*Try it*. Repeat the records below exactly from the line containing "Perfekcyjna przystawka do" to the line containing "Corpiño con aros, base", taking in both of those lines. Drop the pictures.

*Data for review*.
◆ ◆ ◆ ◆

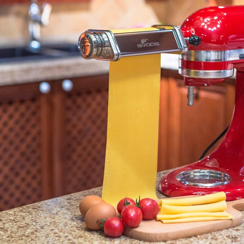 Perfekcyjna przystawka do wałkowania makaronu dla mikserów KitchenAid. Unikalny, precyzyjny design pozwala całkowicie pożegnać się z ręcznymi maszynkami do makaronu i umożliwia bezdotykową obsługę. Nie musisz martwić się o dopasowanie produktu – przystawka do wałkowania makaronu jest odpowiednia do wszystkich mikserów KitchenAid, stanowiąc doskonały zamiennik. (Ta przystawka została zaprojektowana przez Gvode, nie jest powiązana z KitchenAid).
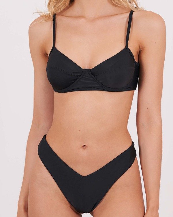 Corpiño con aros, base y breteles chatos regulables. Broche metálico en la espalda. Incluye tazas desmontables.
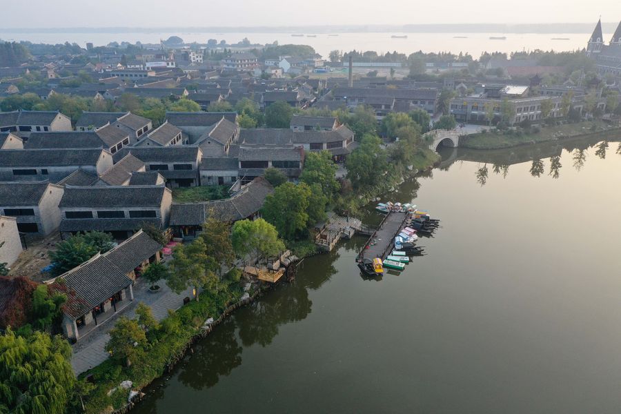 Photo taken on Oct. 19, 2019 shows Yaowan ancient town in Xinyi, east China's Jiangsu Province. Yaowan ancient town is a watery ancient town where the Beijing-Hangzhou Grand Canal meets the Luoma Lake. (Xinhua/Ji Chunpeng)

◆ ◆ ◆ ◆

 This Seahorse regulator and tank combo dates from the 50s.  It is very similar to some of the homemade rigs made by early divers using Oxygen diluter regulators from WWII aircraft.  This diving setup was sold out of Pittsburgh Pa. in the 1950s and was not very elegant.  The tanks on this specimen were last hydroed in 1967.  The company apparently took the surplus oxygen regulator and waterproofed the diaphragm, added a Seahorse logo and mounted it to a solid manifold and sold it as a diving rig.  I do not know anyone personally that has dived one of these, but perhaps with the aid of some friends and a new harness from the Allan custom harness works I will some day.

◆ ◆ ◆ ◆

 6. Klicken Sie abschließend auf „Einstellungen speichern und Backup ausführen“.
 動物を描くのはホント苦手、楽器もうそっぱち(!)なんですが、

◆ ◆ ◆ ◆

*Your response*.
 Perfekcyjna przystawka do wałkowania makaronu dla mikserów KitchenAid. Unikalny, precyzyjny design pozwala całkowicie pożegnać się z ręcznymi maszynkami do makaronu i umożliwia bezdotykową obsługę. Nie musisz martwić się o dopasowanie produktu – przystawka do wałkowania makaronu jest odpowiednia do wszystkich mikserów KitchenAid, stanowiąc doskonały zamiennik. (Ta przystawka została zaprojektowana przez Gvode, nie jest powiązana z KitchenAid).
 Corpiño con aros, base y breteles chatos regulables. Broche metálico en la espalda. Incluye tazas desmontables.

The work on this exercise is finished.